> **TASK DESCRIPTION**
Produce an exact copy of all the data below, dropping every image.

> **SUPPLIED MATERIAL**
========================================

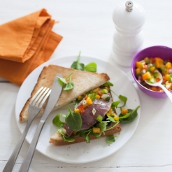 Pain de mie Maxi Tranches Nature Jacquet - 1 tranche de thon cru - Marinade (6 cuillères à soupe d'huile d'olive, 3 cuillères à soupe de sauce soja, 1 cuillères à soupe de jus de citron, 1 cuillère à soupe gingembre en poudre (facultatif) - Rougail (1 tomate, ½ poivron rouge, jaune et vert, ½ mangue, ½ oignon, ½ concombre) - Persillade (ail, persil, huile d'olive, sel, poivre) - Salade
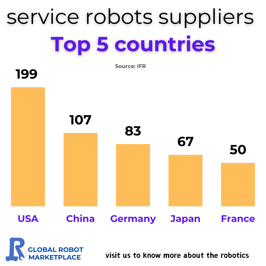 The global robotics industry is exploding with growth, and these five countries are leading the way in supplying the world with cutting-edge service robots! According to the International Federation of Robotics (IFR), the top 5 countries with the most service robot suppliers are:
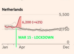 Mit einem plötzlichen Anstieg der Covid-19-Toten lässt sich dies kaum erklären. Oder aber man gibt zu erkennen, dass die Lockdown-Maßnahmen nutzlos waren und derartig hohe Todeszahlen zuließen. Außerdem müsste eine solche Erklärung auch zusätzlich erklären, warum das Virus diese Sterblichkeit nicht schon viel früher bewirkt und erst auf den Lockdown gewartet hat.
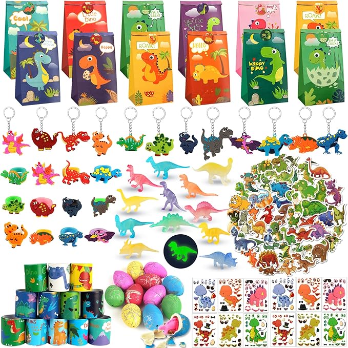 - 💖Dinosaur Birthday Party Supplies Include - 12 mini dinosaurs, 12 dinosaur slap bracelets, 12 dinosaur keychains, 12 dinosaur rubber rings, 12 sheet make-a-face dinosaur, 12 dinosaur eggs, 12 dinosaur party bags, and 50 dinosaur stickers.

========================================

> **RESULT BELOW**
 Pain de mie Maxi Tranches Nature Jacquet - 1 tranche de thon cru - Marinade (6 cuillères à soupe d'huile d'olive, 3 cuillères à soupe de sauce soja, 1 cuillères à soupe de jus de citron, 1 cuillère à soupe gingembre en poudre (facultatif) - Rougail (1 tomate, ½ poivron rouge, jaune et vert, ½ mangue, ½ oignon, ½ concombre) - Persillade (ail, persil, huile d'olive, sel, poivre) - Salade
 The global robotics industry is exploding with growth, and these five countries are leading the way in supplying the world with cutting-edge service robots! According to the International Federation of Robotics (IFR), the top 5 countries with the most service robot suppliers are:
 Mit einem plötzlichen Anstieg der Covid-19-Toten lässt sich dies kaum erklären. Oder aber man gibt zu erkennen, dass die Lockdown-Maßnahmen nutzlos waren und derartig hohe Todeszahlen zuließen. Außerdem müsste eine solche Erklärung auch zusätzlich erklären, warum das Virus diese Sterblichkeit nicht schon viel früher bewirkt und erst auf den Lockdown gewartet hat.
 - 💖Dinosaur Birthday Party Supplies Include - 12 mini dinosaurs, 12 dinosaur slap bracelets, 12 dinosaur keychains, 12 dinosaur rubber rings, 12 sheet make-a-face dinosaur, 12 dinosaur eggs, 12 dinosaur party bags, and 50 dinosaur stickers.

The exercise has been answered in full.